Книга: Феномен воли
Назад: Paralipomena
Дальше: Глава XXVII. О женщинах

Глава XXIV. О чтении и книгах

§ 295

Вместо того чтобы читать лучшие произведения всех времен, люди читают только лишь новейшие, поэтому писатели пребывают в узком кругу ходячих идей, а эпоха все глубже и глубже увязает в своем собственном навозе.

Вследствие этого искусство не читать в высшей степени важно в применении к нашему чтению.

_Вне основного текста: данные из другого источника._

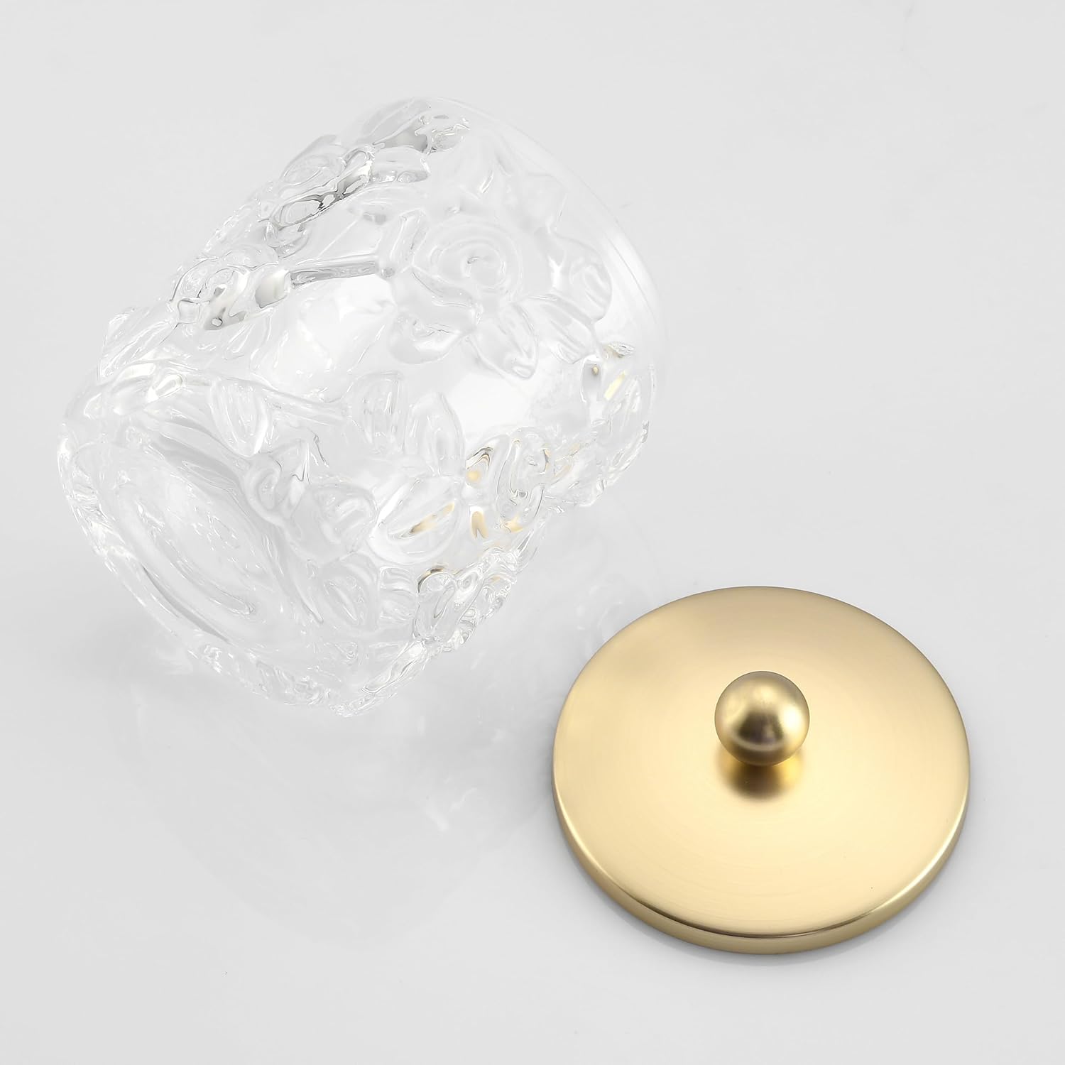Home Glass Cotton Jar Holder Matte Gold Lid, Elegant Bathroom Storage Canister for Qtips, Cotton Balls, Floss, Makeup Organizer, Vanity Bathroom Organization

Оно сводится к тому, что не следует даже брать в руки вещи, интересующие в каждый данный период времени большинство читающей публики: например, политические или церковные памфлеты, романы, поэзию и т. п., – вообще все, что делает много шума и появляется в нескольких изданиях в первый и последний год своего существования: лучше в это время подумать, что пишущие для дураков непременно находят многочисленную публику, и посвятить всегда скудно отмеренное предназначенное для чтения время исключительно произведениям великих, стоящих выше остального человечества, людей всех времен и народов, – тех людей, на которых указывает голос славы. Лишь последние действительно образовывают и поучают.

§ 295 а

Пишутся книги о том или другом великом уме прошлого, и публика читает их, но не самого великого автора; ибо она любит лишь только что напечатанное, и так как similis simili gaudet, то плоская, пошлая болтовня современного пошляка роднее и милее ей, чем мысли великого человека. Я же благодарю свою судьбу, что она еще в юности натолкнула меня на великолепную эпиграмму А.В. Шлегеля, которая с тех пор и стала моей путеводной звездой:

 

Lesen fleissig die Alten, die wahren eigentlich Alten:

Was die Neuen davon sagen, bedeutet nicht viel.

 

§ 296 а

Хорошо было бы покупать книги, если бы вместе с тем можно было купить также время для чтения их; большей же частью смешивают приобретение книги с усвоением ее содержания.

Требование, чтобы человек усвоил все, что он когда-либо читал, равнялось бы требованию носить в себе все, что он когда-либо съел.



Существует две истории: политическая и история литературы и искусства. Первая – история воли, вторая – история интеллекта. Поэтому первая полна тревоги, даже ужаса: страх, нужда, обман и потрясающее смертоубийство и все это – в массе. Другая, наоборот, всегда отрадна и светла, как изолированный интеллект, даже в том случае, если она описывает заблуждения. Главная ветвь ее – история философии. В сущности последняя является как бы генерал-басом ее, звук которого переходит и в другую историю и там из глубины направляет мысль: мысль же царит над миром. Поэтому философия, в собственном и истинном значении ее, является также и могучей материальной силой, хотя очень медленно действующей.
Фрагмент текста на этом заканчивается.